Updated May 20, 2017 - 4:34 pm

As his motorized wheelchair rolled past 58,307 names on the replica Vietnam Veterans Memorial, Dennis Daniels was consumed with grief.

He reminded his wife, Aleta, to use her walker as she traced three familiar names on the wall.

But Dennis was afraid to look.

“It just brings back instant memories,” the 70-year-old said. “I don’t want to look and see if they’re up there.”

The Danielses were attending the third annual American Patriot Fest, underway at Craig Ranch Regional Park in North Las Vegas, on Saturday during Armed Forces Day.

This was the first year the American Veterans Travel Tribute organization brought the replica, sized down 80 percent from the fixture in Washington, D.C., said Branan Allison, the president of Source 1 Events, which organized the festival. The memorial will be open to the public until 3 p.m. Sunday.

Allison said he hopes to bring the memorial to the festival each year.

“It’s a powerful thing,” he said. “When you see how small the names are and how big it is, you see the magnitude of how many people lost their lives.”

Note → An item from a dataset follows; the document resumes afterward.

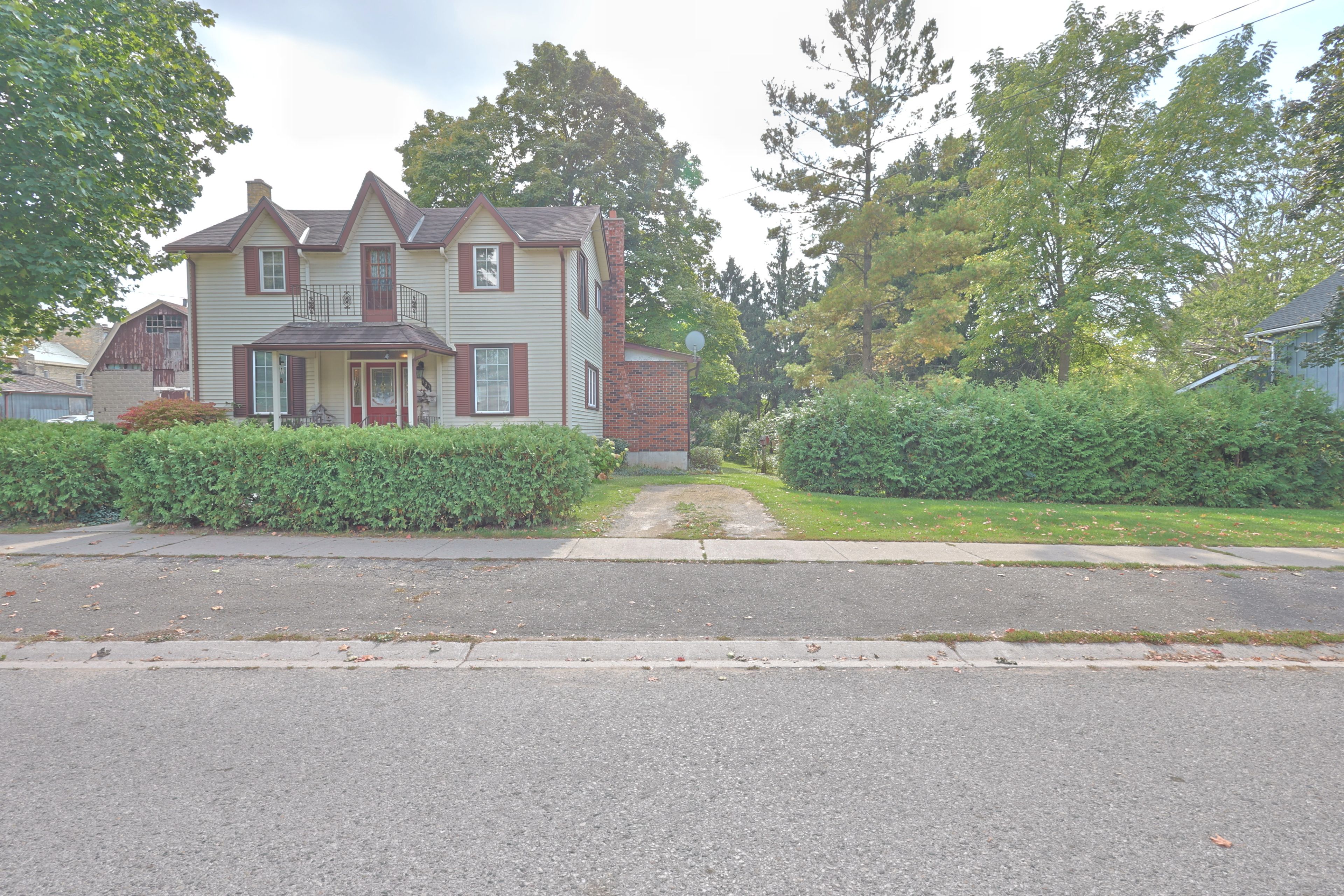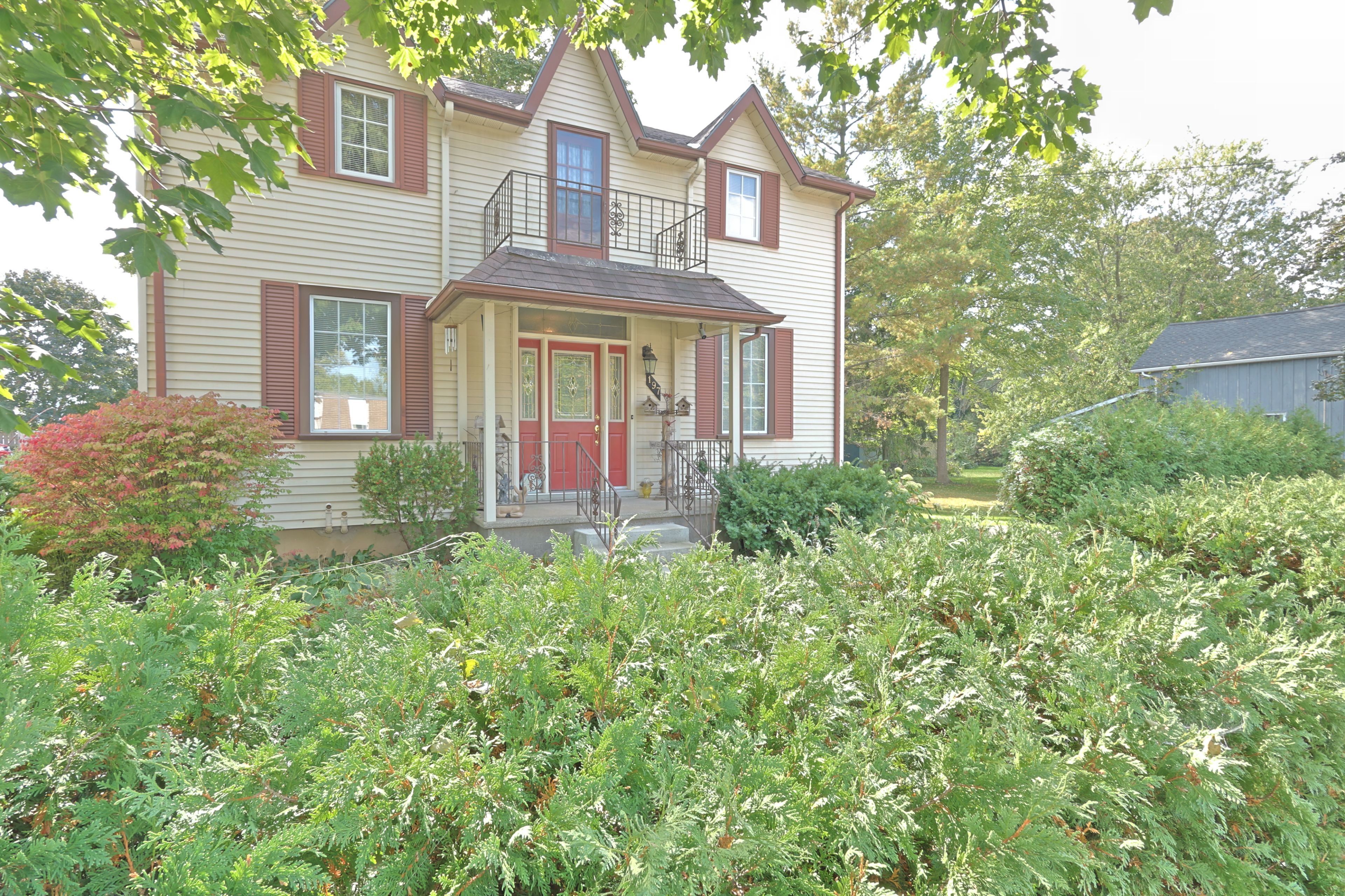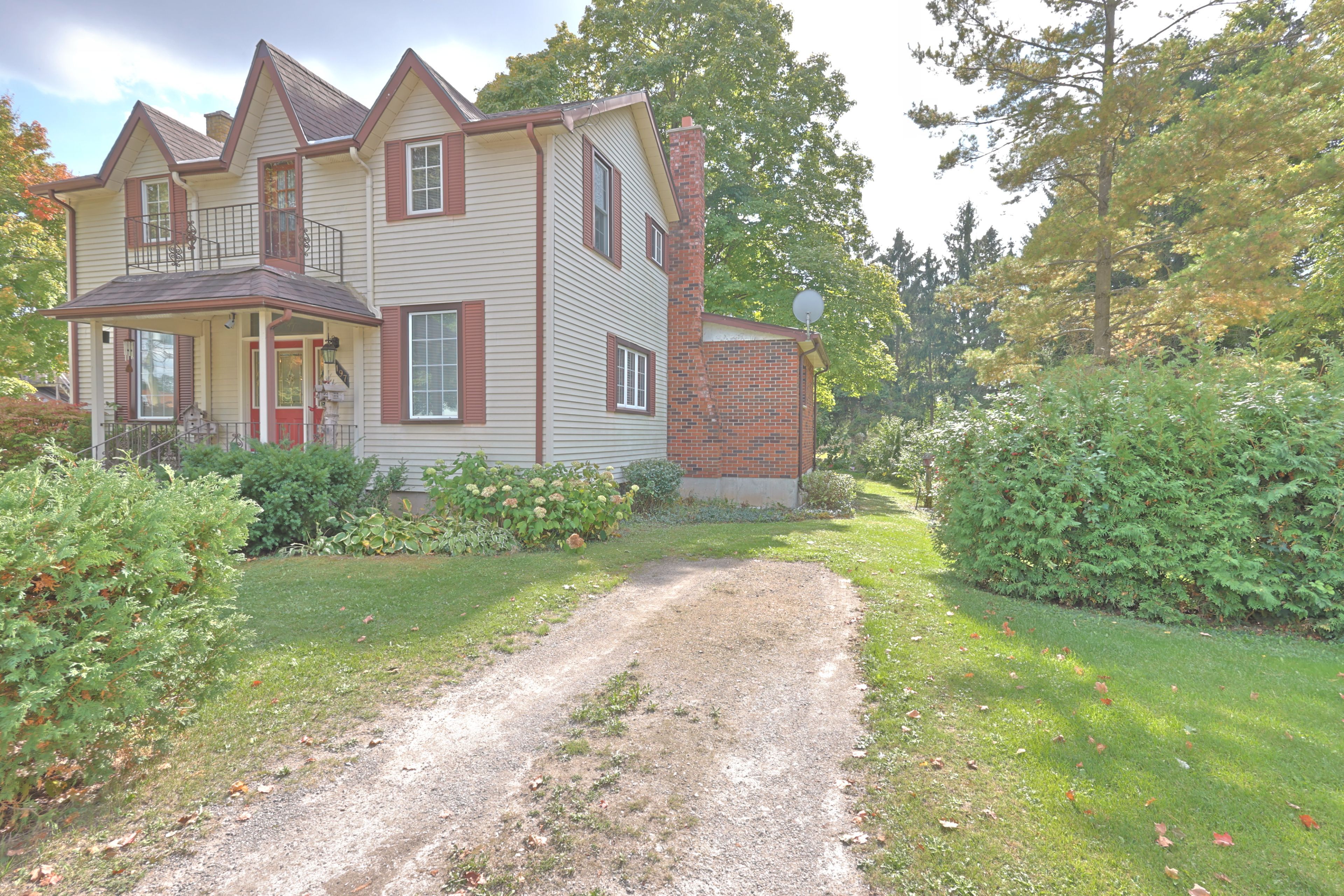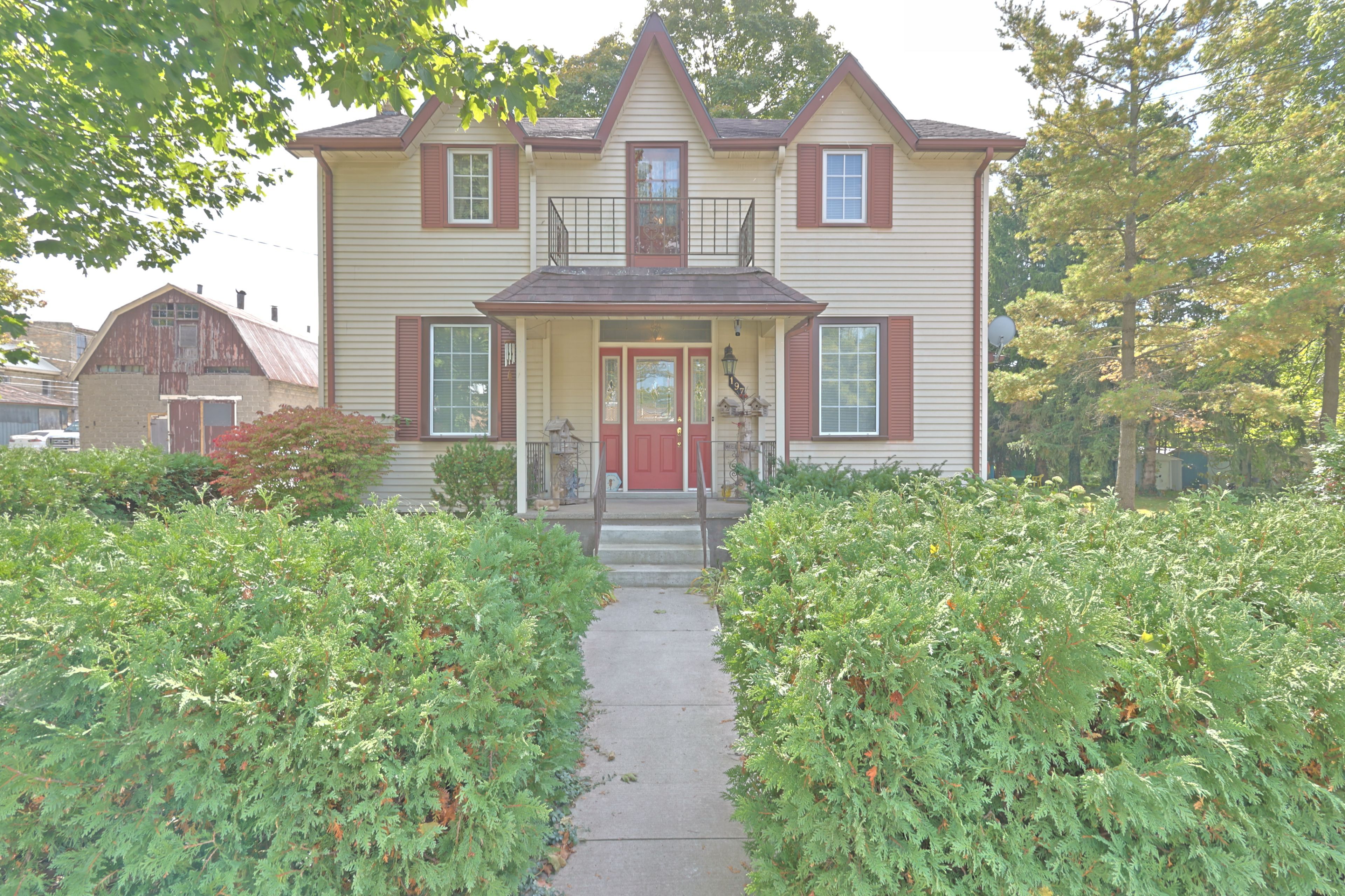 Unique package of spacious century home, charming barn/shop with loft on a double lot steps from all parkhill amenities. Welcome to 197 broad street, parkhill where you find a very unique brick and aluminum century home that has been extensively updated over the years. The home offers 1,950 sq ft above grade plus full basement that is partially finished allowing for 4 bedrooms and 2 full bathrooms. Main floor offers hardwood flooring throughout, spacious principal rooms and 9 foot ceilings for a larger interior feel. This century home is filled with charm as you enter into the living room that flows into the kitchen with an expansive dining area. Off of dining area is a convenient purpose built office. Main floor primary bedroom with two double closets. The open concept floorplan also allows for main floor living with the full bathroom already equipped with washer and dryer connections. Second floor allows for another full four piece bathroom and three bedrooms with second level balcony off of landing area. The partially finished lower level offers a rec room with a real brick feature wall around a wood fireplace. The rest of lower level features lots of storage, utility room, laundry room and more. Home is situated on a spacious double lot that could allow for development potential or simply a large property for your family to enjoy. The property features a step back in time with the original 'horse barn' from the early 1900's. The barn is still in great shape that offers lots of possibilities on the main level and a very cool second level loft area just waiting for someone to make it something special! Backyard offers a peaceful setting with lots of mature trees and cedar hedges offering lots of shade cover and privacy. The extensive updates over the years include electrical, plumbing, drywall, insulation, large addition, roof, kitchen, bathrooms and much more.

The festival celebrated and honored military members and veterans, he said. It included live entertainment, a car show, a 5-kilometer run to fundraise for Nellis Air Force Base, a displayed drone and a free meal for veterans, active-duty military personnel and their families. Last year, when the festival was held for just one day, there were 5,000 attendees, so Allison said he hopes to exceed that this year.

Dennis Blessman, 71, spent his morning helping attendees locate names on the memorial. Wearing a shirt identifying him as a Vietnam veteran, Blessman said he and a friend volunteer wherever the replicas are on display across the United States.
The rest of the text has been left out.